- **WORK REQUIRED**: From the top of the entries, reproduce each line exactly, stopping after the line that contains "调研团队一路参观来到学校武术". Omit pictures.

ENTRIES SUPPLIED section start

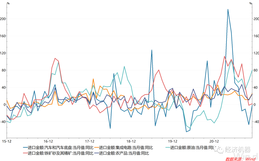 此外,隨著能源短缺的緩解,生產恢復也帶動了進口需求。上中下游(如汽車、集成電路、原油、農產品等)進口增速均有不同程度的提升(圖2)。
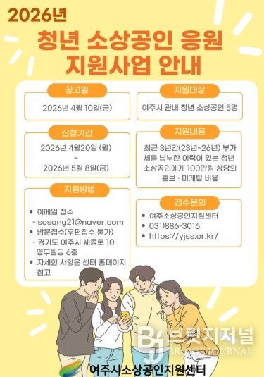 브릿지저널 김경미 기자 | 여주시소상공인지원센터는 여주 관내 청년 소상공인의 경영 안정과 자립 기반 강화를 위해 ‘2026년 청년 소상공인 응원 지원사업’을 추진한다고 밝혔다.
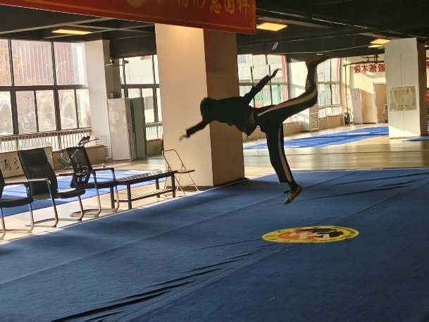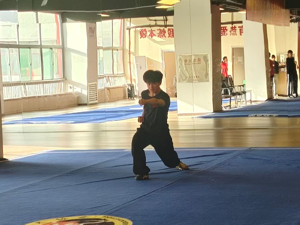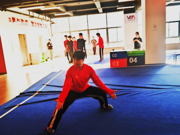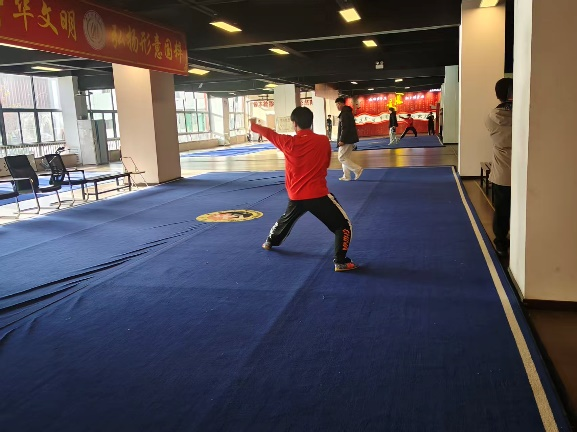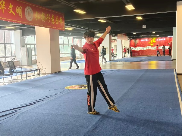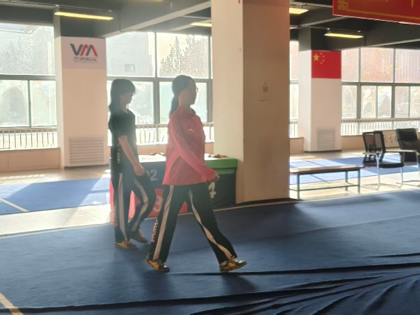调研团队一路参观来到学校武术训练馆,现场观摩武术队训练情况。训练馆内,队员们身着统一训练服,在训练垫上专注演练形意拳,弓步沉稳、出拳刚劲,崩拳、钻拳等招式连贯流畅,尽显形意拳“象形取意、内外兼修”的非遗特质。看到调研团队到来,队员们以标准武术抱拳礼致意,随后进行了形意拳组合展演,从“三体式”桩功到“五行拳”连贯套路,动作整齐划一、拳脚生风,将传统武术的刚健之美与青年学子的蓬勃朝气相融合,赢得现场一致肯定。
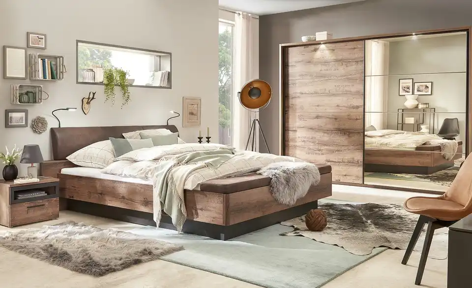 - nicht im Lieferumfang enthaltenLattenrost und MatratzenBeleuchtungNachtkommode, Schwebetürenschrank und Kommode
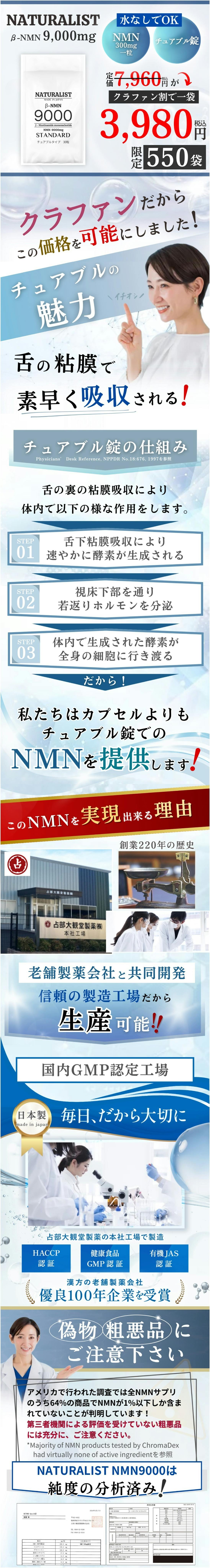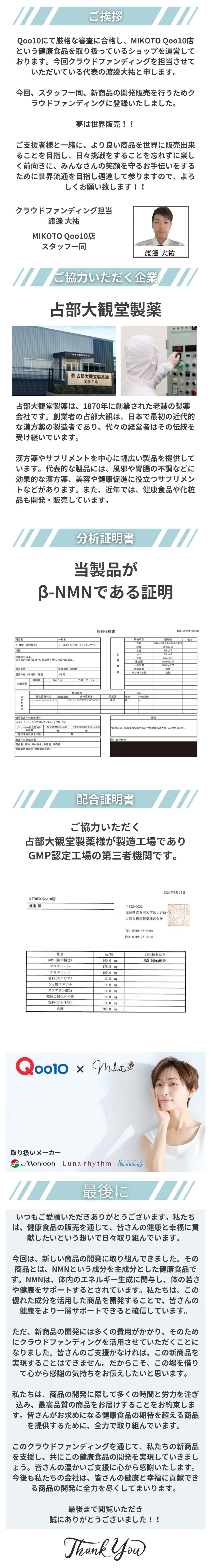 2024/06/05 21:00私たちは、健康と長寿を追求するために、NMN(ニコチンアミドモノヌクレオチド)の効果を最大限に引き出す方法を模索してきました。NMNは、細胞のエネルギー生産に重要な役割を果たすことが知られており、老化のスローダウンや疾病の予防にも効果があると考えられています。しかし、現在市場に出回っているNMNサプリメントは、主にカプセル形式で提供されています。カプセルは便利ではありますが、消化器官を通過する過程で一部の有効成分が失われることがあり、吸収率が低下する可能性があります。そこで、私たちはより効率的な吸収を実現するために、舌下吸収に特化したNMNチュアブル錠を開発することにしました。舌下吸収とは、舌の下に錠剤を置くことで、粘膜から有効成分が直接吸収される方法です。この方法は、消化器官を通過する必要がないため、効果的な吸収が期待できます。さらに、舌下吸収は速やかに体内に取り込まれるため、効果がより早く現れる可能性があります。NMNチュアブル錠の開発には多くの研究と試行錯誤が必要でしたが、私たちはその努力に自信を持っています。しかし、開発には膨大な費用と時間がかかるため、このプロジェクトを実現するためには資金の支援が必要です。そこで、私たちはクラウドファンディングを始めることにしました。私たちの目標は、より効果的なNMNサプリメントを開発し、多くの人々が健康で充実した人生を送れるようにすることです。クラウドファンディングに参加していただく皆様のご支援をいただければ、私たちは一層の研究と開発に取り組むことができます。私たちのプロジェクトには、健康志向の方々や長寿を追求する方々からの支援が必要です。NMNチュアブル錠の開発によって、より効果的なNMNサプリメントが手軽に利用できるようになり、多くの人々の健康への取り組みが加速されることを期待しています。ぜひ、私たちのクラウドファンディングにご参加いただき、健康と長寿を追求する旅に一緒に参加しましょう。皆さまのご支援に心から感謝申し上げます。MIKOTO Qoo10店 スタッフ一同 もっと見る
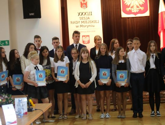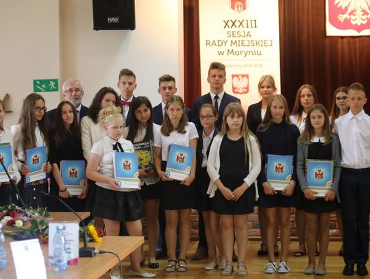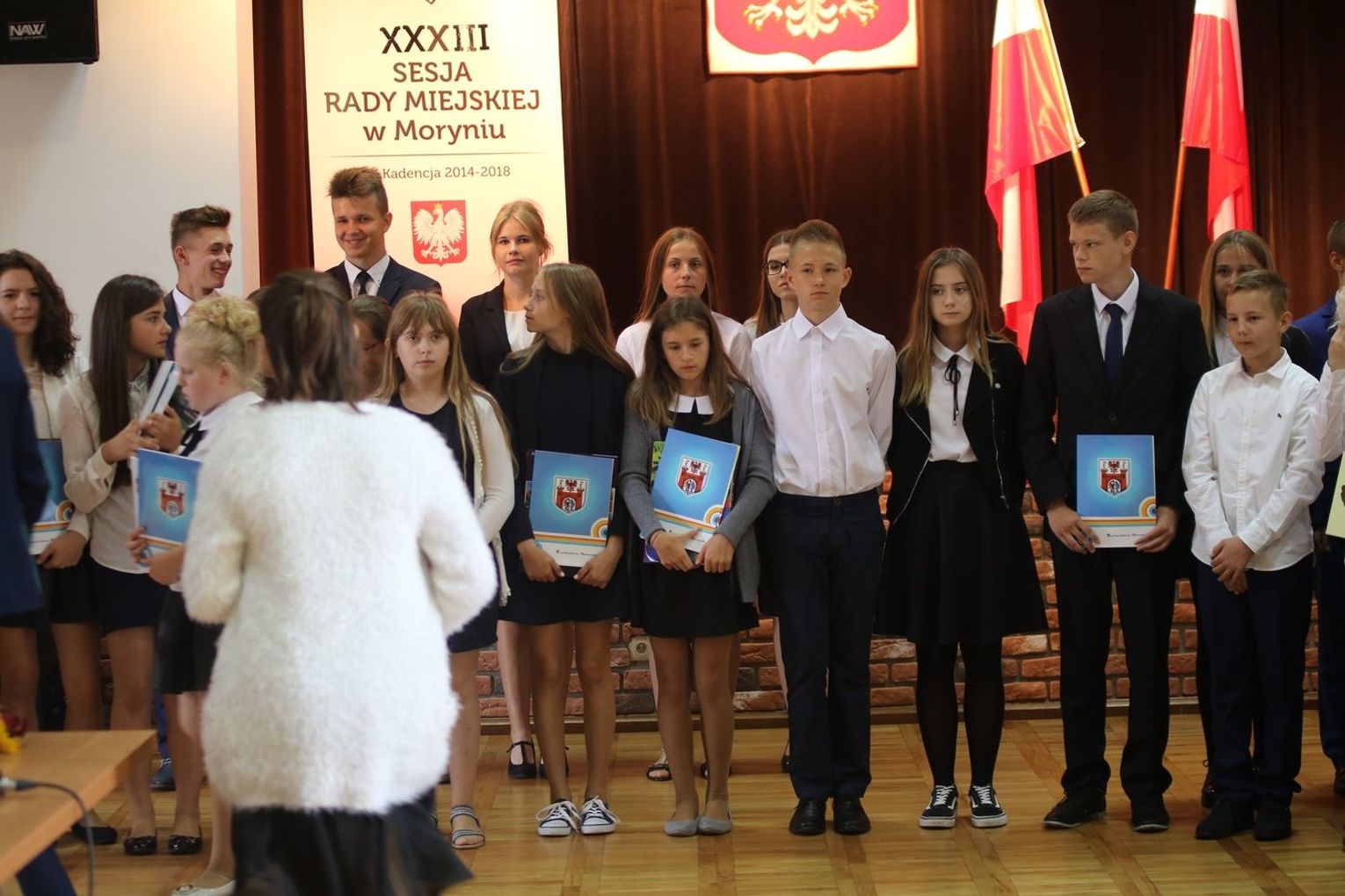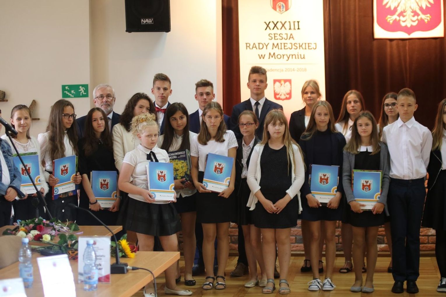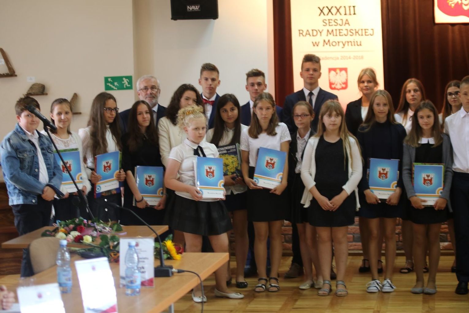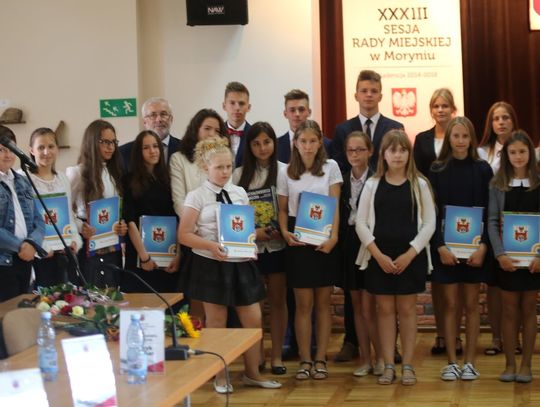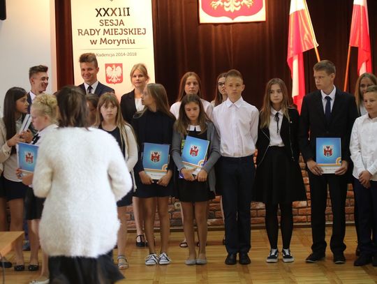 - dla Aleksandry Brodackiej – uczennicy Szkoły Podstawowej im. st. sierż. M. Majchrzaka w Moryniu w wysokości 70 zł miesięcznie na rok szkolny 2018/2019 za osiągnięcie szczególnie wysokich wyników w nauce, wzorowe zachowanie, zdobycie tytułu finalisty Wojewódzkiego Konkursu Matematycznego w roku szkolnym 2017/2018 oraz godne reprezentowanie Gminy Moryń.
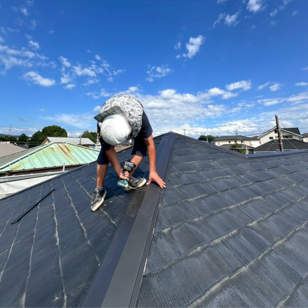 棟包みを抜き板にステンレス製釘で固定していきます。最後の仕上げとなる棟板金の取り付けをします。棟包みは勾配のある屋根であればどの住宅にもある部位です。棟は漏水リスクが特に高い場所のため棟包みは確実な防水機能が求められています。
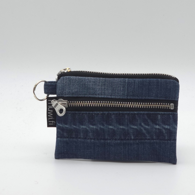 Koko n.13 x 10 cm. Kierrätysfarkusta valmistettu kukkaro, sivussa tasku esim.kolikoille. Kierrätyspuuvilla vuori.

ENTRIES SUPPLIED section end

- **WRITTEN RESPONSE**:
 此外,隨著能源短缺的緩解,生產恢復也帶動了進口需求。上中下游(如汽車、集成電路、原油、農產品等)進口增速均有不同程度的提升(圖2)。
 브릿지저널 김경미 기자 | 여주시소상공인지원센터는 여주 관내 청년 소상공인의 경영 안정과 자립 기반 강화를 위해 ‘2026년 청년 소상공인 응원 지원사업’을 추진한다고 밝혔다.
调研团队一路参观来到学校武术训练馆,现场观摩武术队训练情况。训练馆内,队员们身着统一训练服,在训练垫上专注演练形意拳,弓步沉稳、出拳刚劲,崩拳、钻拳等招式连贯流畅,尽显形意拳“象形取意、内外兼修”的非遗特质。看到调研团队到来,队员们以标准武术抱拳礼致意,随后进行了形意拳组合展演,从“三体式”桩功到“五行拳”连贯套路,动作整齐划一、拳脚生风,将传统武术的刚健之美与青年学子的蓬勃朝气相融合,赢得现场一致肯定。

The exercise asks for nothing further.